# Toronto Housing Market and Down Town Condos



## can_84 (Jul 2, 2011)

I need some advice.

I've been pondering buying my first condo rental in down town Toronto but given that the market is is staring to cool off I feel torn between buying and holding off. I have considered the Toronto market and have come to the conclusion that it is correcting (mostly driven by government policy) but I also feel that the government is pursuing high density housing in Toronto which makes me believe that the condo market will heat up while the detached market will cool off. 

Please share your thoughts and advice?

Thank you in advance.


----------



## Mortgage u/w (Feb 6, 2014)

A condo is not considered a good rental.
Keep your money in the stock market instead.


----------



## GreatLaker (Mar 23, 2014)

I just sold a condo in downtown Toronto. If I felt it would have a great return I would have kept it as a rental.

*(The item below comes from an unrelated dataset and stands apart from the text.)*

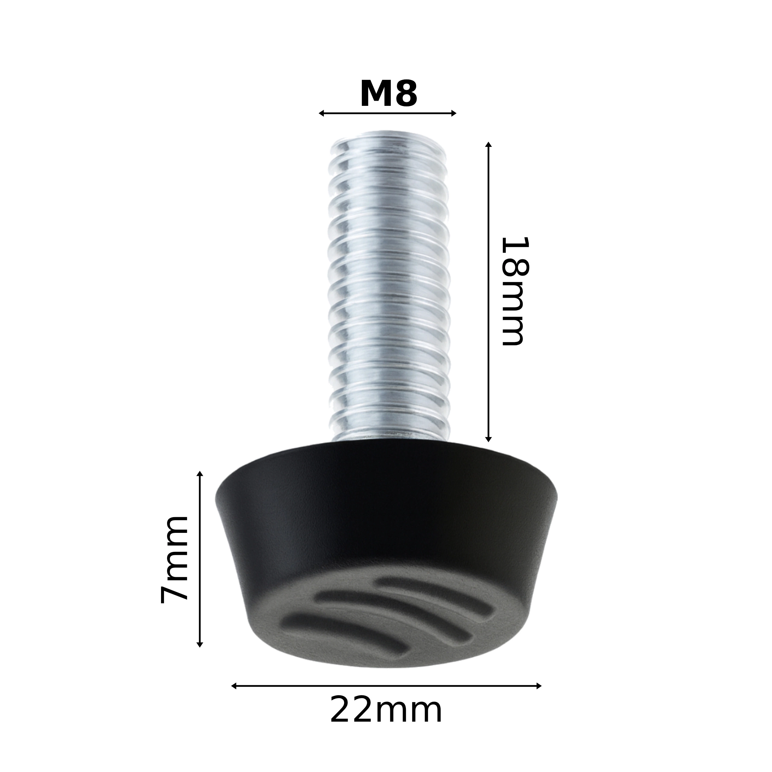 Stopka regulowana do mebli, o wymiarach M8 22x18 mm i kolorze czarnym, to praktyczny element wykończeniowy, który zapewnia stabilność i poziomowanie każdego rodzaju mebli.

2BR condo value ~$675k. Typical rent for a 2BR in the building $2750/month. If I calculated based on 12 months rent (i.e. 100% occupied) and not using a property manager the annual return would have been 3% after insurance, condo fees, electricity and taxes. But if I based it on 11 months rent/yr (i.e. some churn in tenants), and paying a property management fee of 10% of rent (because I would not be local) the return dropped to 2.2%. Add in increase in value over time of 5%/yr could bring the return to 7 or 8%. Just rough guesses. Who knows what the market is really going to do. These calculations don't include tax deductions for expenses, but they also exclude interest costs if you need a mortgage. Over long time periods real estate goes up slightly faster than inflation. The only places that has not been true is Toronto and Vancouver.

I simply did not feel it was worth keeping such a large investment that could be a PITA to manage vs. investing it in a diversified stocks / bond portfolio despite the nice cashflow.

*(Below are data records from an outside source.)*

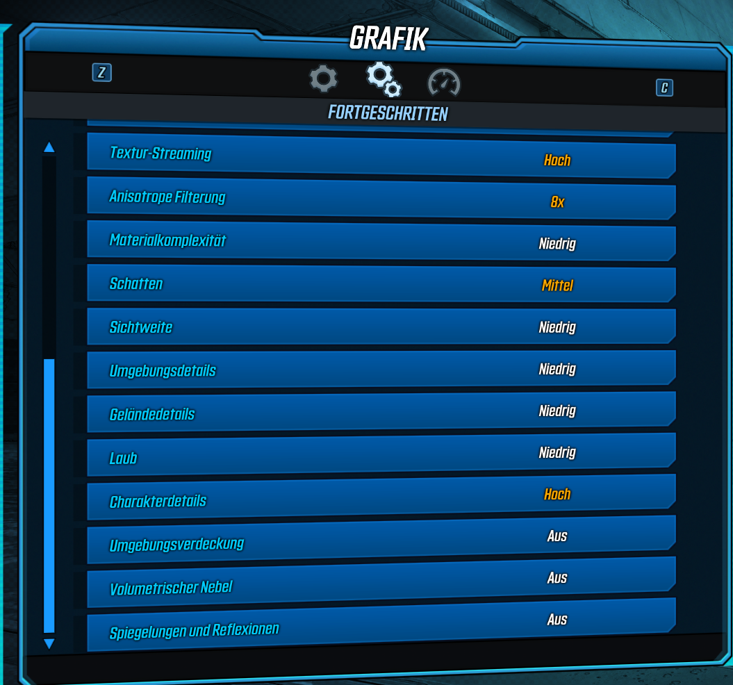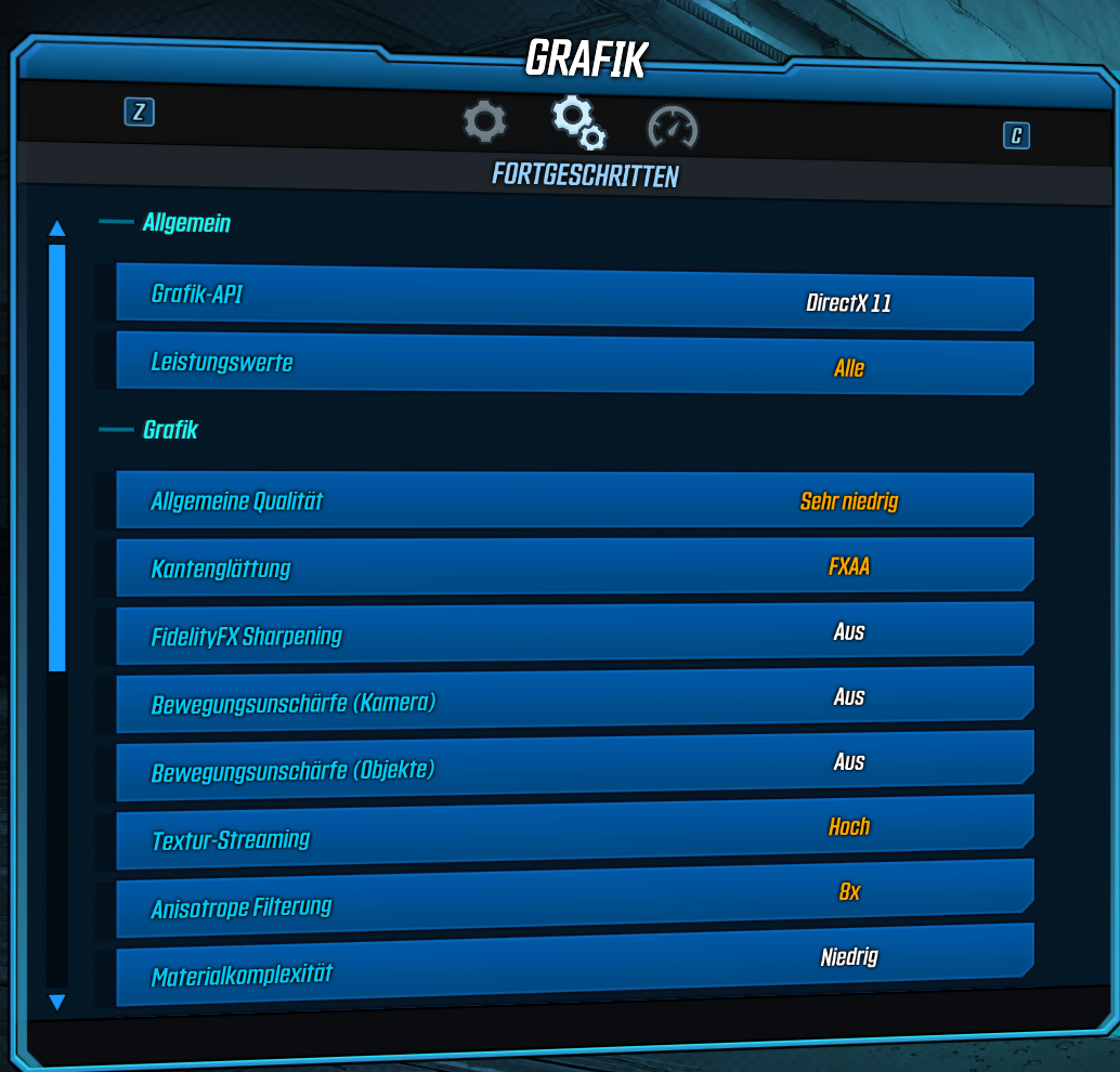 Damit waren die meisten Probleme behoben, außer beim spielen von Borderlands 3. Hier brechen die Frames bei Mittleren bis niedrigen Einstellungen in Gefechten bis auf 50 FPS ein. Ich habe auch schon alles mögliche probiert in den Einstellungen umzustellen.
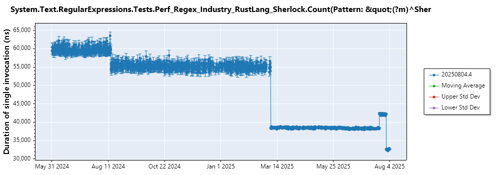 System.Text.RegularExpressions.Tests.Perf_Regex_Industry_RustLang_Sherlock.Count(Pattern: "(?m)^Sherlock Holmes|Sherlock Holmes$", Options: Compiled)
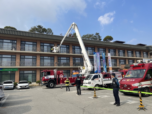 현장은 소방펌프차, 굴절사다리차, 재난안전통신망 등 각종 재난 장비가 투입돼 실전을 방불케 했다.

You did not say what type of condo you were thinking of. 1 BR with standard builder finishes probably gets the best rent per sq.ft. IMO larger ones with lots of upgrades won't get the same return on investment, and 1BR is usually easier to rent. Most tenants care more about cheap rent than nice finishes.

Buying an older unit and doing some quick renovations yourself is often a good way of getting better value, compared to a brand new unit.

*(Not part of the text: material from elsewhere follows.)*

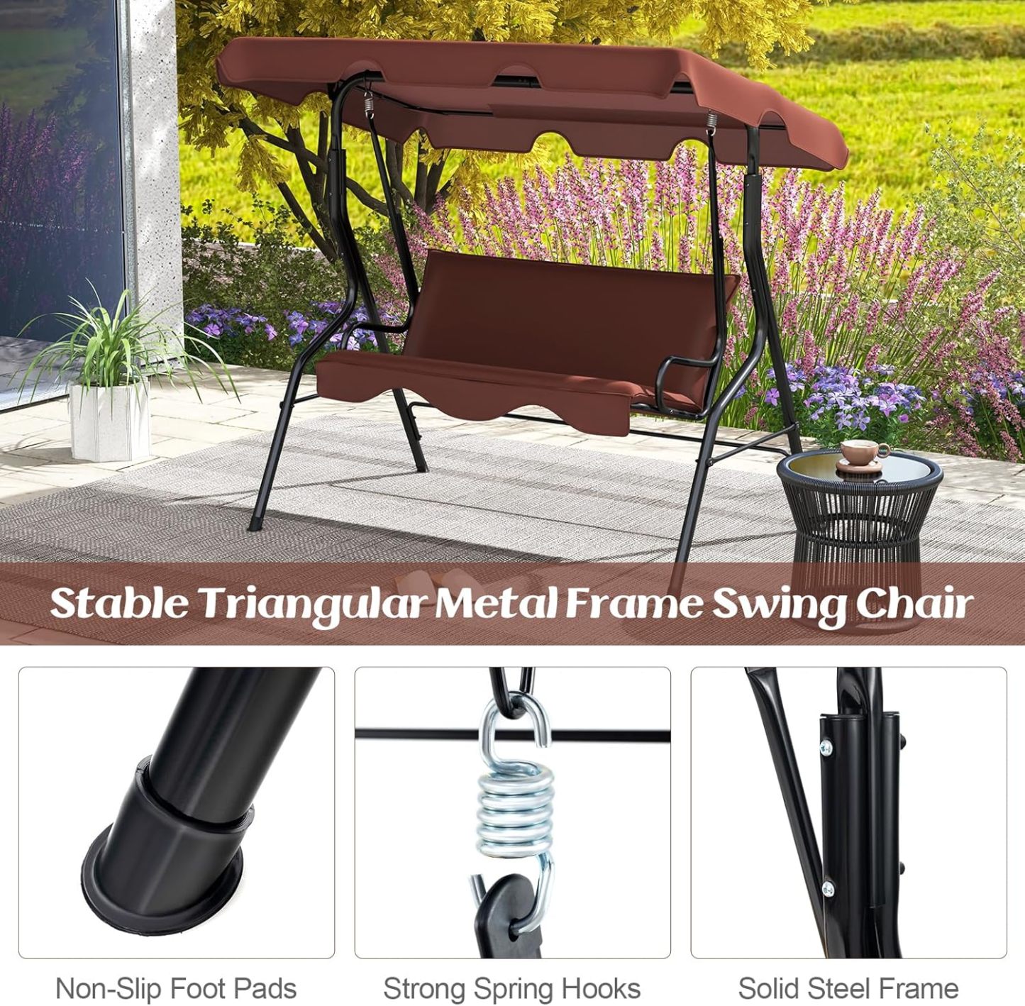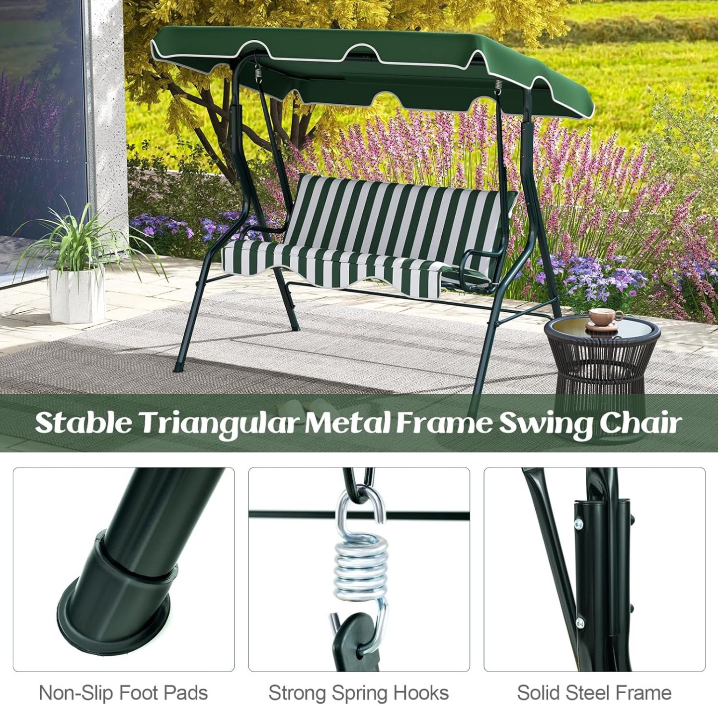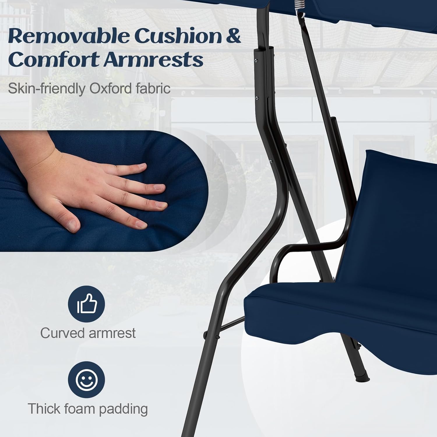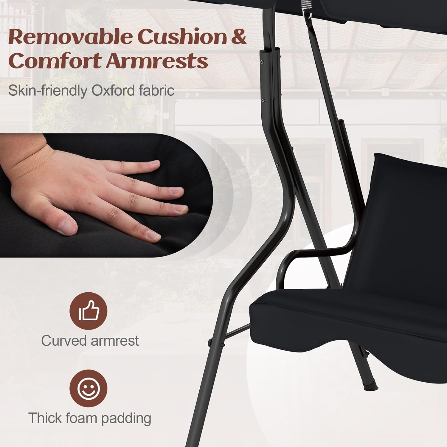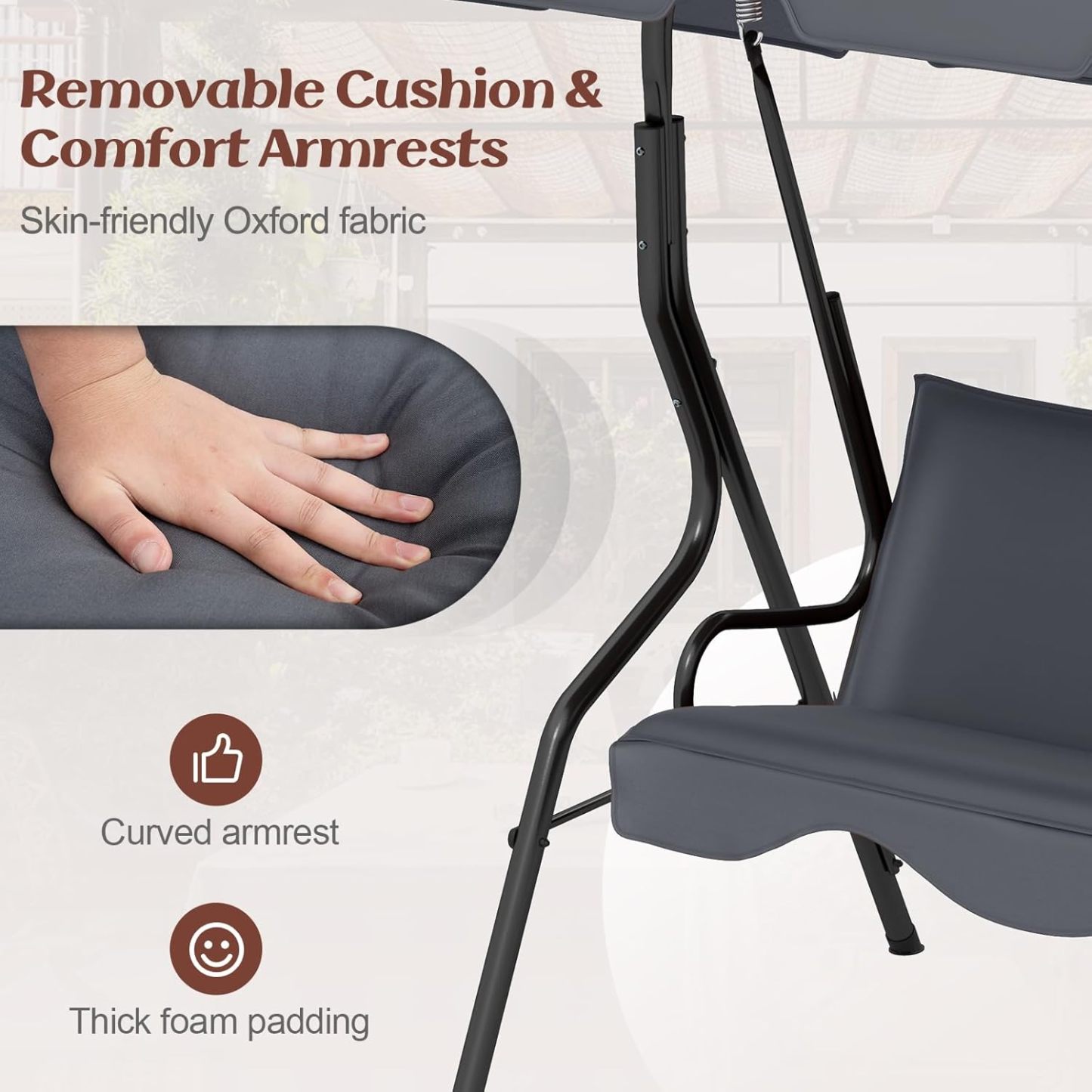 - Soft cushions & Feet pads: Soft cushions (pillows in the pic are not included)with 3-person seating is perfect for socializing with friends or enjoying summertime with family. The patio swing constructs plastic anti-skid feet pads. It makes the patio swing more safe in rainy days and also prevent floor from scratching.

Edit: Forgot to add this link. I'm not a fan of Garth Turner or Brad Lamb, but there is some interesting thought here:
http://www.greaterfool.ca/2012/11/30/smart-***-condo-math/


----------



## Mortgage u/w (Feb 6, 2014)

^^
What mortgage amount and payment are you using?? Cause someone buying a $675k property will require at most a $540k mortgage which the payment is roughly $2600 a month. Once you add condo fees, insurance, taxes (not to mention personal income taxes), I don't see where there would be a return.

Lets not forget, its only 1 door - 1 income. Any missed payments or vacancies will greatly affect your expenses.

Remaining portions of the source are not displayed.